Here at dKos, we regularly go after Fox News as the conservative mouthpiece of the Republican Party. Fox News, however, is a sideshow. A distraction. Irrelevant. The true power base of conservatives is the money crowd and CNBC speaks for them and them alone. If the progressive movement wants to attain true power, we need to go after conservative propaganda in all forms. Controlling the media is a vital element. As the economy continues to sink, people are tuning in to CNBC for information and advice. CNBC's advertising is explicitly stating that 2008 viewership was their highest ever. The American people are not getting the information they need to make informed money decisions.

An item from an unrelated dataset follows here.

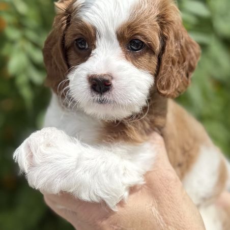 Isabella is a female Cavapoo. Carefully selected as a great representative of her breed, Richard decided to make her part of their program. Richard has passed Good Dog’s screening process, which involved a review of their breeding practices, environment, and the mental and physical health of their dogs.

Because I make quite a lot of our household income by trading stocks and options, I watch quite a lot of CNBC for the occasional tip and to get a sense of what the sheep on the Street have on their radar. Believe me, if you're willing to put the time into trading rather than investing, there is money to be made if you buy in and out of Wall Street's flavor-of-the-day. After watching for months, both before and after the election, I can tell you that CNBC is no friend of the working person, the union member, the middle class or the small investor.

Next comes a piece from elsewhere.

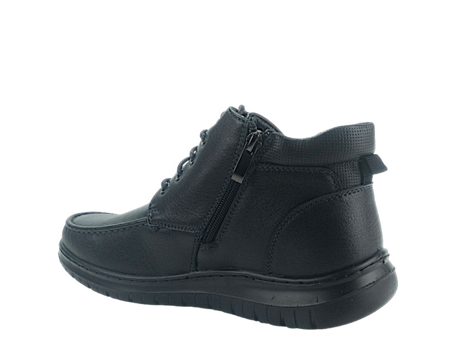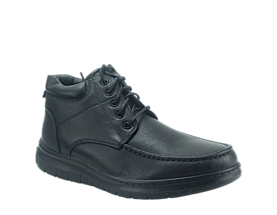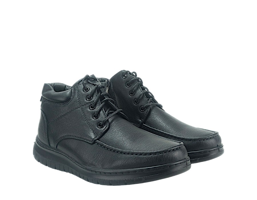 Ανδρικά μποτάκια σε μαύρο χρώμα. Είναι κατασκευασμένα από συνθετικό δέρμα και ύφασμα.

Headlined by the odious Larry Kudlow, CNBC is a bastion of groupthink: failed free-market, Chicago school, supply-side, Milton Friedman-esque ideology. (That's almost as fun for me to write as "latte-drinking, Volvo-driving, granola-eating liberal" must be for a conservative). Very rarely, an advocate for Keynesian economics will be a guest during the day but he/she is always "balanced" by at least one supply-sider and a phalanx of talking heads who do nothing but jeer and/or shout over their guest.

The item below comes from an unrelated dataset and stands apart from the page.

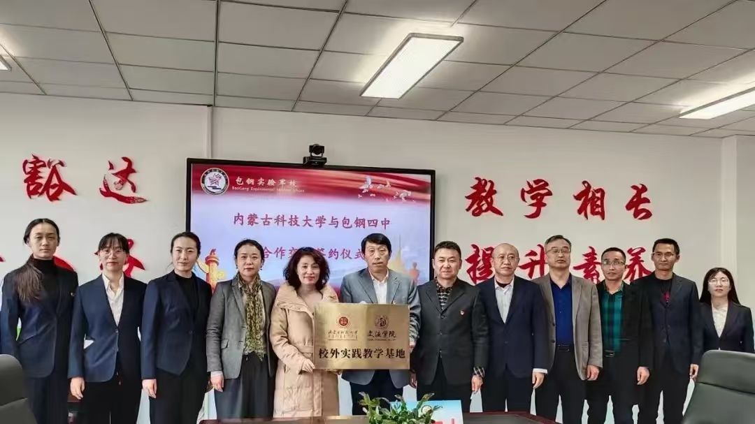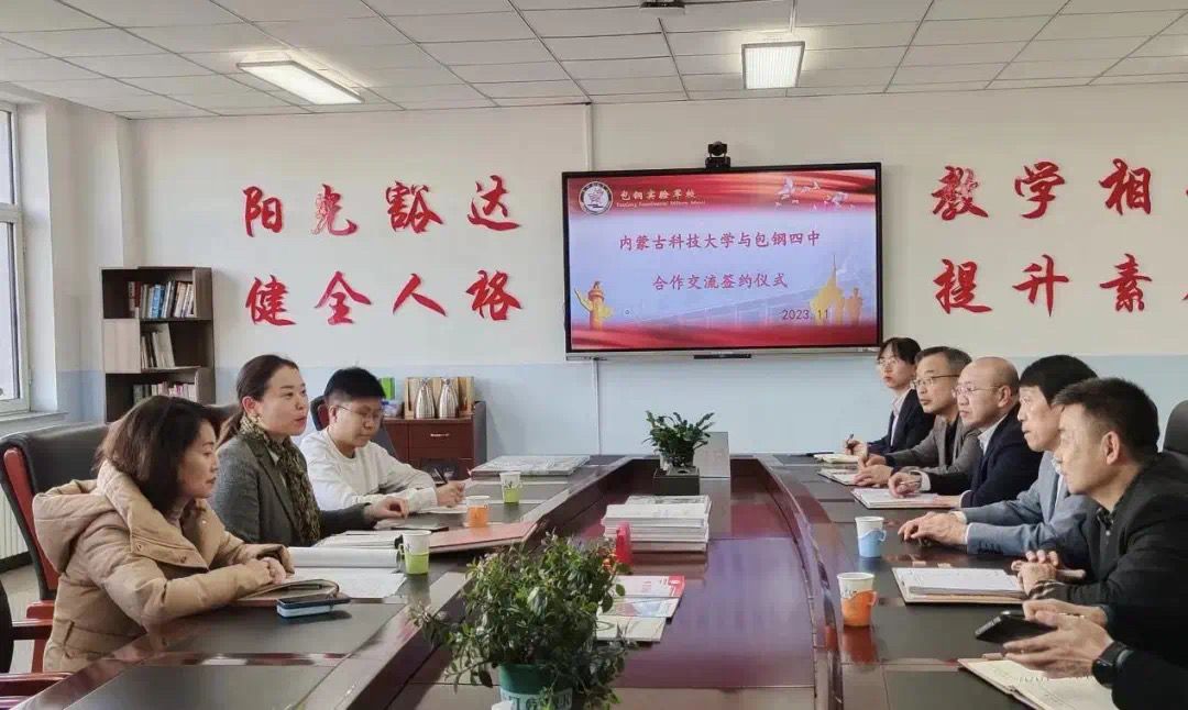 2023年11月16日下午永利3044集团官网包钢四中校外实践教学基地签约授牌仪式在包钢四中办公楼三楼会议室举行。永利3044集团官网副经理王继霞、学科语文教育中心副主任包玉琼、学科语文硕士生代表、包钢四中董事长王建忠、党总支书记杨力及各学科骨干出席了本次签约仪式。

To his credit, one daytime host, Dylan Ratigan, has vociferously advocated for accountability when it comes to where the TARP funds are going and the people who got us into this mess. He is just as likely to criticize Alan Greenspan as he is Bob Rubin (supposedly one is right and one is left but truthfully, they're both just crooks). But on the post-market Fast Money show, his guest yesterday was none other than the king of supply-siders, Arthur Laffer. Laffer informs us that he likes the tax cuts more than the infrastructure spending and that the best way to stimulate the economy is to cut all federal income taxes to 0% for the next 6 months (riiiiiight....no federal taxes....who will that benefit most?) He also thinks that at this time, fiscal restraint and a flat tax would be the best bet for putting us on the road to recovery. To balance Laffer's opinions, the guest was....nobody. Of course.
CNBC is adamantly anti-union. Discussion during the auto bailout crisis centered around the "fact" that the unions refused to either give in or negotiate. To listen to CNBC, you would think that the entire global economic meltdown is due to the "reality" that union workers make too much money, have too much healthcare and too much potential retirement security.
From CNBC, I learned that my level of taxation is the only financial variable that will make a difference in my life. Stagnating wages, job insecurity, rising prices, inflationary commodity values...all of this is meaningless compared to the most burning question I must ask myself..."Will Obama raise taxes on the wealthy?" Because if he does so, the world will explode into chaos. Rich people will have to pay more personal income taxes which somehow means that they will not be creating more jobs. Why is it that when Dick Cheney grants himself another tax cut, no one ever asks him how many jobs he's personally created with said cut?
If you go over to Media Matters site, you can click on the Radio/TV shows tab or the Networks/Publications tab and you'll see that they do not cover CNBC. Obviously, Olbermann and Maddow will not be covering/criticizing their own network so CNBC continues to fly under the radar. The only way CNBC will start responding to the new world order is if the new world order stands up and demands to be heard.
We spend a lot of time here posting diaries analyzing Paul Krugman's columns and generally praising the already worthy economists among us. I think we need to go beyond that. I have written to CNBC numerous times, asking for some level of balance in their programming with no response. I think they are doing a disservice to their viewers and to our country as a whole. They do have a feedback page on the main site but each individual show also has a feedback page or e-mail address. If you are a viewer of any of the following shows (or even if you're not) drop them a line and ask why there is no one on their network who has had an original thought in 30 years. I imagine this approach works best if you find some way to ask that question politely. Here are a few of the daytime shows:
Fast Money: fast mail
Mad Money with Jim Cramer: madmoney@cnbc.com
Power Lunch (the bobbleheads on this show are the most egregious): powerlunch@cnbc.com
Kudlow and Company (I can't stomach this guy but maybe you can): kudlow@cnbc.com
It will take many years to undo the damage conservatives have dumped on us for the last 30 years. Taking back the airwaves/media takes many forms. CNBC has gotten away with little attention from progressive's for waaaaay too long. We can do something about that.
Good luck out there...and if you're an investor don't go all in yet in the markets. There's still some downward momentum to be had.